The Court of Common Pleas of Chester County has already resolved Plaintiff’s allegation
of fraud. In his Answer to Defendants’ Complaint in Foreclosure, Plaintiff raised allegations
identical to those presented here, contending that Wells Fargo had sold the Note, and thus had no
legal interest in the property. See Defs.’ Ex. C, ECF No. 6-6. Wells Fargo filed a Motion for
Summary Judgment on its foreclosure complaint, Defs.’ Ex. E, ECF No. 6-8, and in response,
Plaintiff offered an affidavit from an individual named Joseph R. Esquivel, Jr., which stated:
My research through professional services and the viewing of actual business
records and Corporate/Trust Documents, determined that an interest in the
Thomas E. Doughty Mortgage Loan Instrument was sold sometime shortly after
July 12, 2007 to multiple classes of the Ginnie Mae REMIC Trust 2007-049.
Defs.’ Ex. F, ECF No. 6-9. The Court of Common Pleas, however, noted that Wells Fargo had
presented copies of both the mortgage and the Note. The court also found that, aside from Mr.
Esquivel’s affidavit, Plaintiff had not provided copies of any documents that Mr. Esquivel relied
on in reaching his conclusions. Having found that Wells Fargo’s documentation demonstrated
its standing to bring a foreclosure action, the court granted Wells Fargo’s motion. Id.
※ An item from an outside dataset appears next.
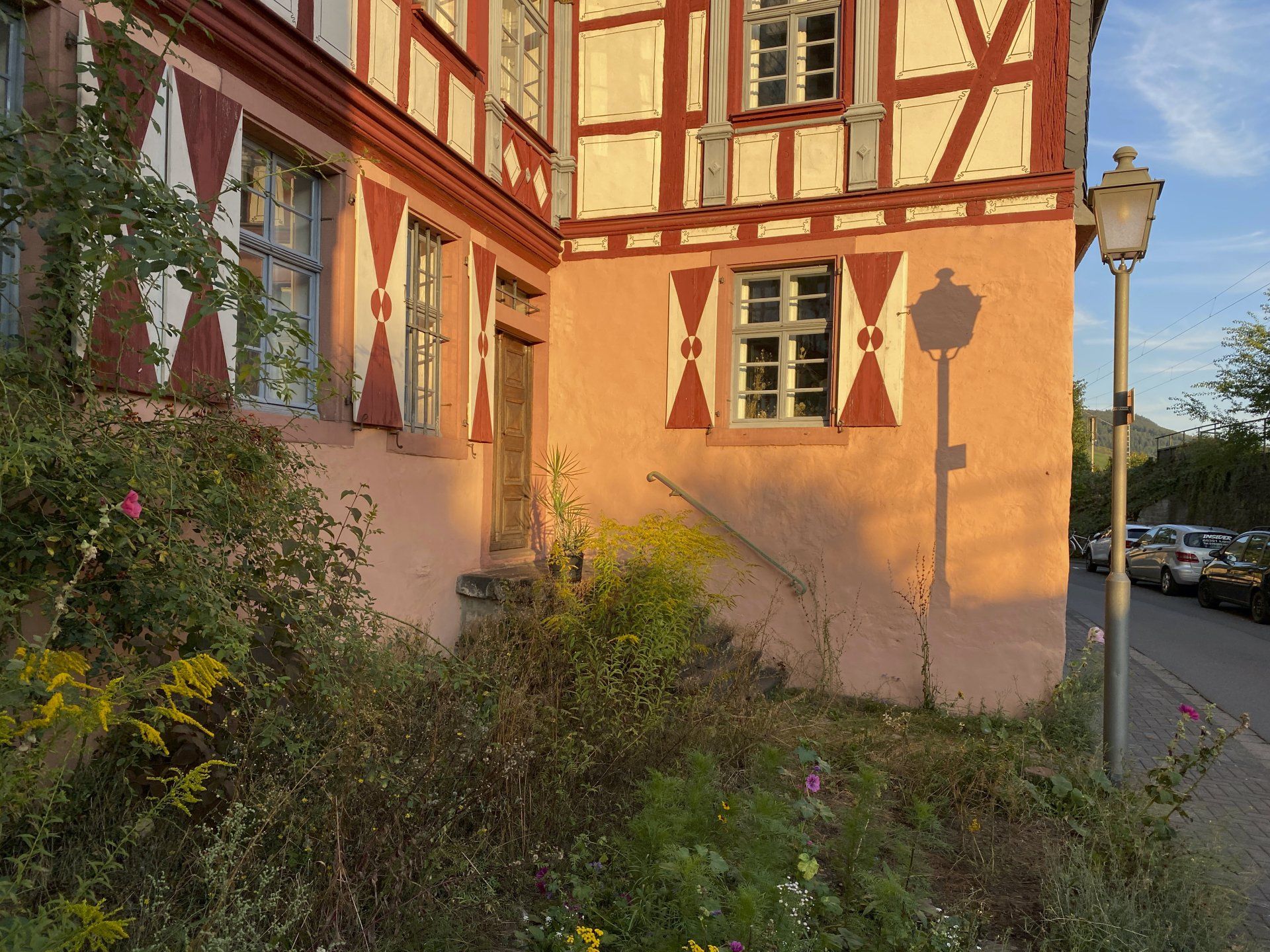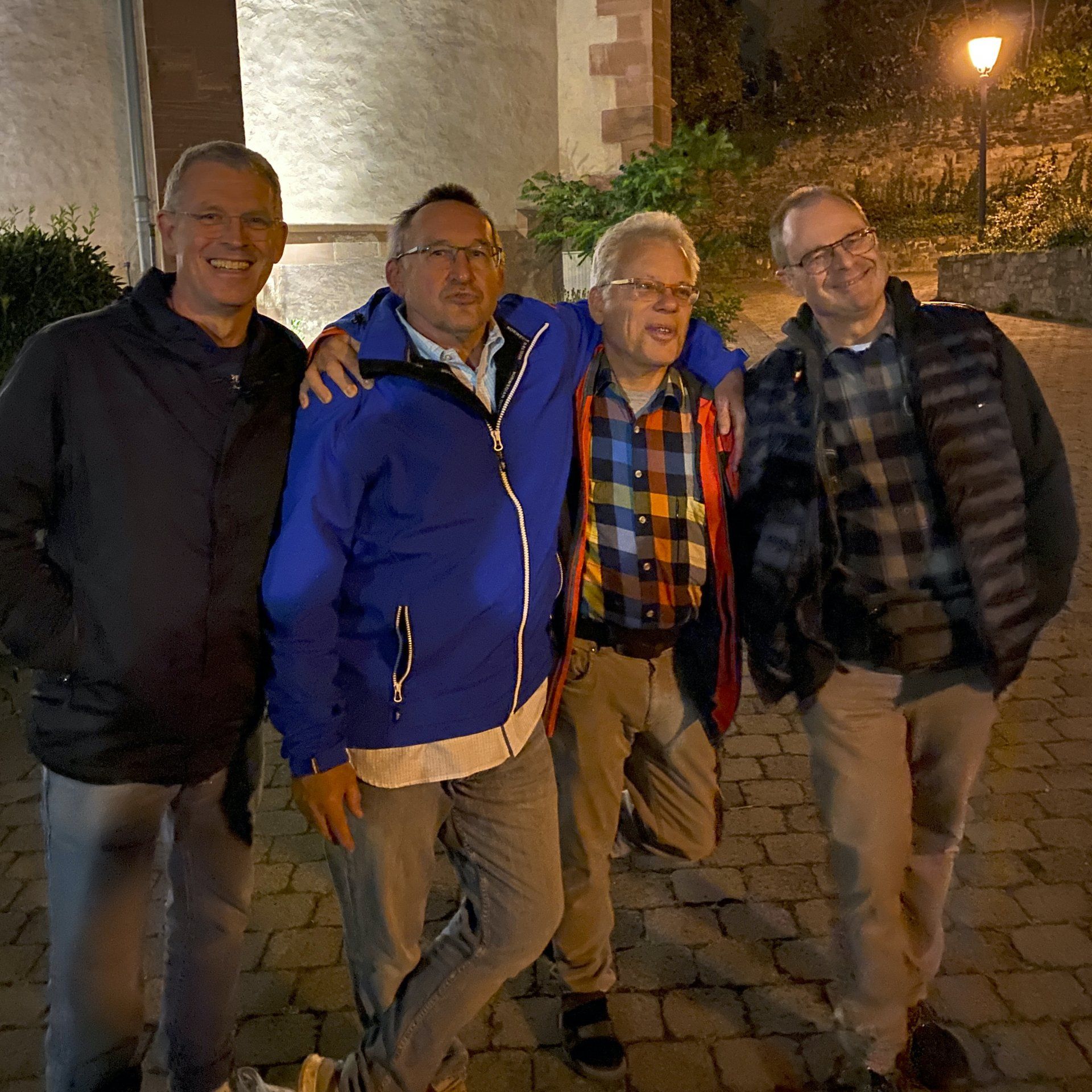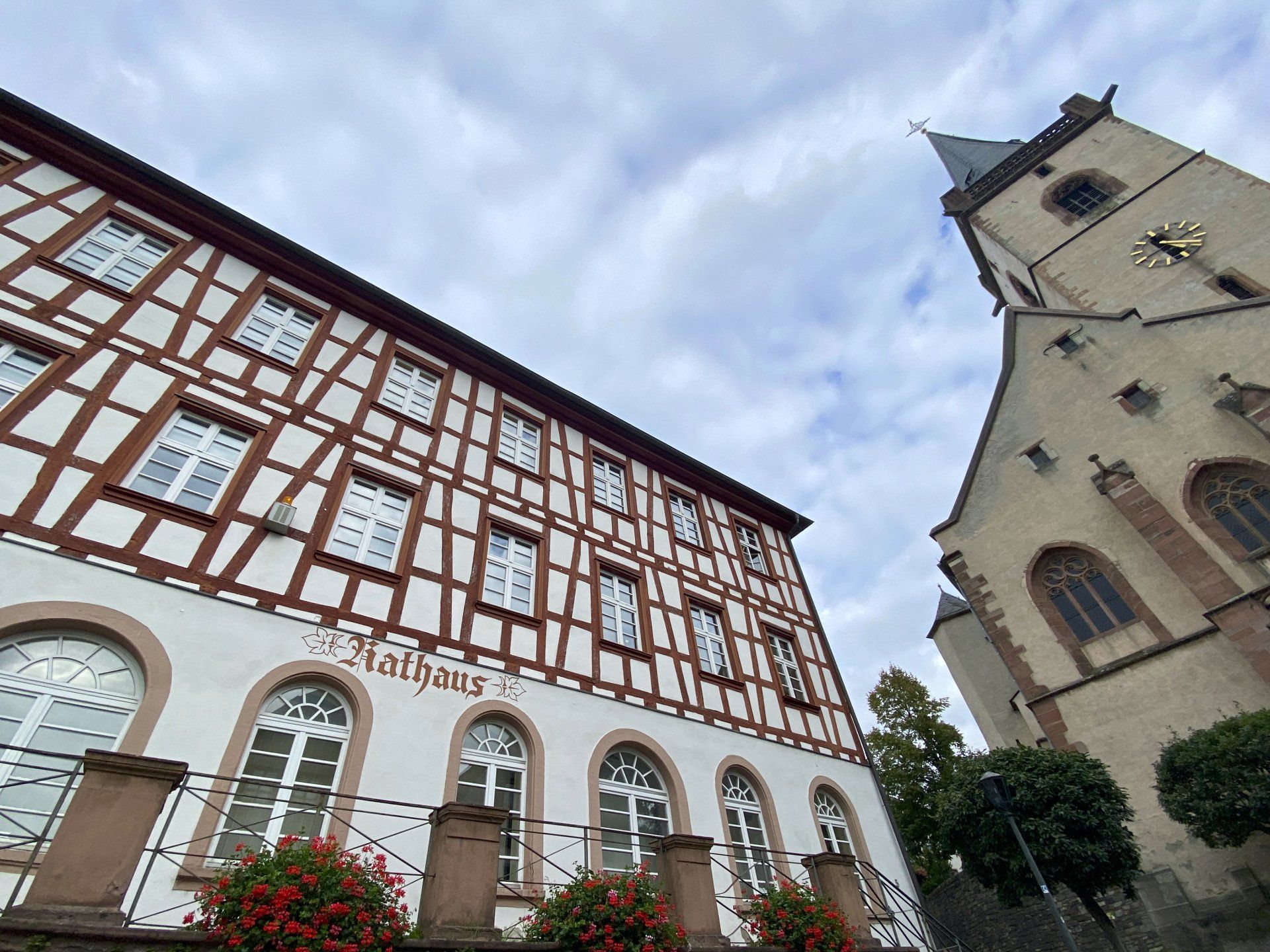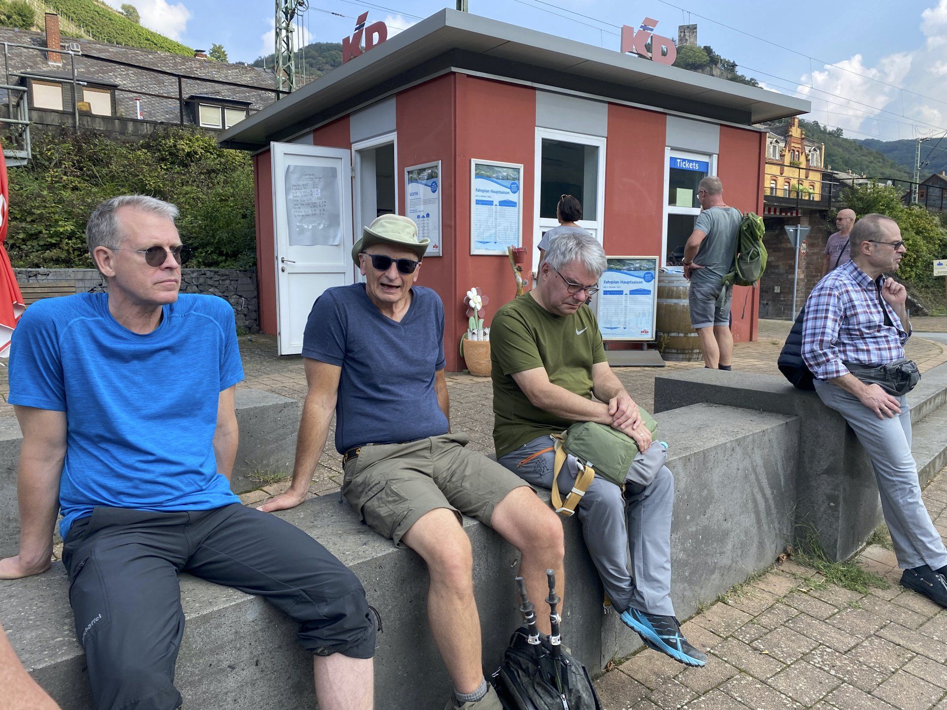 „Hotel im Schulhaus“ im nahe gelegenen Lorch am Rhein, zu treffen. Und zwar – bitteschön – um 16 Uhr. Vielleicht bremste das pfeilschnelle Schlockmobil mit „Seipel, dem Spinner“ himself und seinen von Angstschweiß beträufelten Mitfahrern Dubai-Daum, van Benderchem und dem ab sofort fest in die Truppe integrierten OJJ deshalb erst 50 Minuten zu spät vor dem Hotel – und somit knapp vor Beginn der für den ersten Abend organisierten Führung durch das idyllische Örtchen, das den Herrenwanderern für drei Tage als Homebase diente. Der Wiedehopf war schon Stunden vorher vorbildlich per pedes (auf dem E-Bike) angereist, Bushido und Tourmaster Titte hatten es, mild-hybrid getrieben, von Wiesbaden aus immerhin pünktlich geschafft und bereits ihre Zimmer bezogen. Nach einem schnellen Check-in der „späten Vier“ startete die siebenköpfige Truppe dann zu einem inspirierten Rundgang durch Lorch unter Führung von Herrn Edwin Schneider, der in seinem Heimatort jeden Winkel kennt, pausenlos Bekannte grüßt und die triste Einfallstraße konsequenterweise schnell verließ.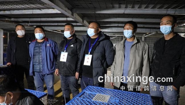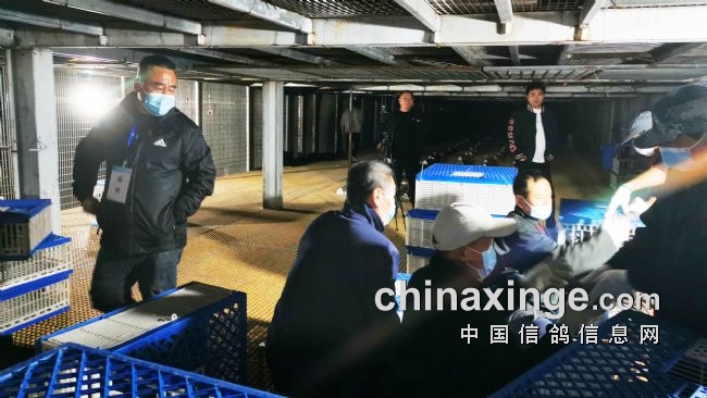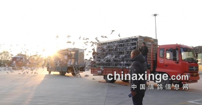 10月12日早,监放裁判长依次检查鸽车铅封,核对铅封号,赛鸽于6点48分开龙放飞,开龙后,鸽群定向准确,走势良好。

Plaintiff then filed a Motion for Reconsideration, in which he offered documentation
supporting Mr. Esquivel’s affidavit. Defs.’ Ex. G, ECF No. 6-10. The court, in denying
Plaintiff’s motion, recognized that “Defendant provided the full report and documents related to
Joseph R. Esquivel, Jr.’s Affidavit.” See Defs.’ Ex. I, ECF No. 6-12. After reviewing the
additional filings, however, the court found that “[t]hose documents still do not support the
assertion that ‘an interest in the Thomas E. Doughty Mortgage Loan Instrument was sold
sometime shortly after July 12, 2007 to multiple classes of the Ginnie Mae REMIC Trust 20072
049.’” Id. In sum, the Court of Common Pleas considered and rejected the same theory on
which Plaintiff now seeks to proceed in federal court.
In the present action, Plaintiff’s claims all stem from the premise that the underlying
foreclosure action was improper. In effect, Plaintiff seeks to relitigate the state court’s judgment.
Based on the outcome of the state court proceedings, Plaintiff’s claims are barred by collateral
estoppel and the Rooker–Feldman doctrine. Plaintiff has also failed to adequately allege his
FDCPA and intentional infliction of emotional distress claims.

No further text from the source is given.